Additionally, the creation of a queue operator puts receiving teams in a position where if they had a non-Jupiter app that needs to communicate with a database, the only ingress (besides creating an API) would be to decouple the backend application with a queue.
What about all the other things?
Scheduled containers do not suit all workloads, and we make that explicit. Thankfully (credits: Jon Eaves) we have a Solution Options channel where development teams can surface planned architectural choices. Other teams (affected or otherwise) can weigh in — again, in the spirit of making deliberate choices.
We get to ask the question: If you’re not using the platform, then why?

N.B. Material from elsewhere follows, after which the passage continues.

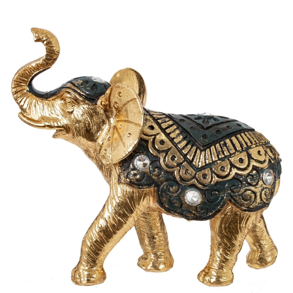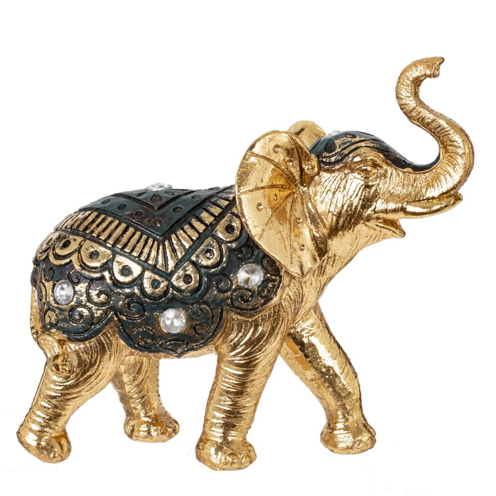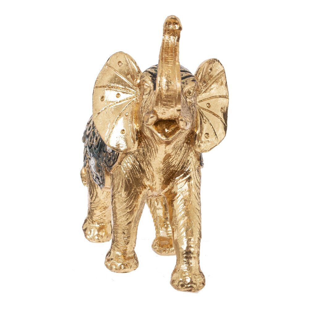 Элегантная декоративная фигурка слона станет изысканным украшением интерьера и символом удачи и благополучия. Изделие выполнено в золотом цвете с роскошными узорами и стразами, придающими ему благородный вид. Фигура передает грацию и силу этого величественного животного, а поднятый вверх хобот традиционно считается символом удачи. Такая статуэтка идеально впишется в классический или восточный стиль интерьера, добавив нотки изысканности и роскоши. Отличный вариант для подарка или украшения дома.

Let’s talk.
The importance of organizational nous.
Very few of these actions are technical, if at all. They are not even process solutions. Most of our actions centre around a leadership of conscience/influence, if we define it as “the process of influencing others in order to gain their willing consent in ethical pursuits”. These are talky-bits, built with deliberate focuses on transparency, an active interrogation of what other people need, and a want of a better tomorrow.
“It’s not about making software. The real important work is setting up how we work in the future.” — Jason Dwyer, Architect.
I lack the words for it, but I feel that this craft, this skill, is something we vastly underestimate and undervalue. The ability to navigate an organization, know how it operates, and relay your values across it is important, if not critical to success.
That, and leadership that understands why what you do is important, and is willing to support you for it. I’m grateful that we have that at MYOB.
Why do I care about this too much?
Five years ago, I was stuck in a room with a manager who was irked by the fact that I was unhappy all the time. By that point, I was a lone sysadmin who had been oncall for 3 years in a row, always asking for more people to do the job with me. I said that I wanted to quit; he replied that no, people like me were a dime a dozen elsewhere. If I didn’t care, then they would find someone else quickly.
I wept then — frustrated by the fact that people did not understand that yes, I did care. I cared quite a lot about what I did. I just needed them to understand why I did, and why they also should.
It’s been a time since then, and I can only hope that I’ve gotten better at this. This is what we built, and this is why it matters. This is what we care about, and this is why it matters.
This is our team, these are our people, and this is you, and this is why we matter.